A Parigi Fausto frequenta il cenacolo degli artisti italiani (Campigli, Cavalli, De Chirico, De Pisis, Savinio, Severini, Tozzi ) ma tocca con mano anche l’opera di Cézanne, Braque, Derain e Matisse. Tra le sue frequentazioni c’è anche quella di un circolo teosofico fondato sulle teorie dell’austriaco Rudolf Steiner, forse a questi contatti si deve un’opera tanto bella quanto ricca di simbologia: Donne con salamandra (1928-30) interpretata come il resoconto d’ una seduta medianica. Vi compaiono la madre col volto nella cornice di un quadro ( un inganno alla Magritte), una figura anziana di profilo e una salamandra ferma su un 5 di coppe. A nostro modesto parere il soggetto è la mamma in due momenti diversi della sua vita, un prima del 1919 e un dopo il ricovero coatto, gli anni trascorsi nella casa di cura, il suo stato di alienata dentro un abito liso, la chioma arruffata entra con uno spicchio nella cornice. Il taglio verticale tra le due figure è netto interrotto solo dall’angolo alto della cornice, la doppia identità madre e sposa gelosa prima, malata psichiatrica poi, la salamandra è simbolo di resistenza alle tribolazioni della sua nuova condizione e le annuncia che le è nato un nipotino proprio il 5 di agosto, apre le braccia con stupore. Una riflessione su un dramma familiare, la follia materna tema ripreso dal padre ad es. nell’Enrico IV, l’esistenza ancorata alle tante facce della vita sbriciolata in mille molliche che non possono più rappresentare l’unità del pane, l’impossibilità di ricostruirla mentre la vita si rinnova ripetendo daccapo il destino dell’uomo.
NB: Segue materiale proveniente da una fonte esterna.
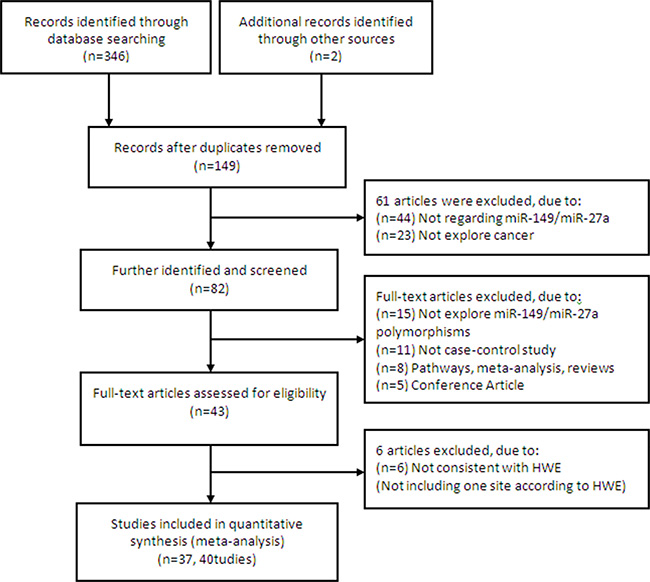 A comprehensive literature search was conducted using the PubMed, Springer, Elsevier, CNKI (Chinese), and Wanfang (Chinese) Digital Dissertations Databases for relevant articles published in English or Chinese up to July 2015 with key words ‘microRNA/miR-149/miR-27a’, ‘rs2292832/rs895819’,‘polymorphism’, and ‘cancer’. The full text of the candidate articles were examined carefully to determine whether they accorded with the inclusion criteria for the meta-analysis. The present study was conducted in accordance with PRISMA guidelines [66].

In Composizione del ’28 quasi sfacciate sono le contaminazioni con il surrealismo frullate nella plasticità di Picasso e lo spaesamento di De Chirico., appare il tempo relativo, molle di Bergson
Nel marzo del 1929 inaugura la sua prima personale alla Galerie Vildrac e in novembre la seconda a Vienna. Il pittore accentua lo spessore delle figure, come dei fondali, a nostro avviso attinge molto dal tonalismo di Cavalli più che dal cubismo nelle sue versioni, il colore è lo strumento per fissare l’assoluto, l’idea, la visione immaginifica ben oltre il relativismo della natura. Nasce lo stile Pirandello che lui riassumerà in tre punti scritti su un pacchetto di Giubek nel secondo dopoguerra: Il 1° carattere della mia pittura è la chiarità Il 2° la sintesi delle forme Il 3° è la forza del colore.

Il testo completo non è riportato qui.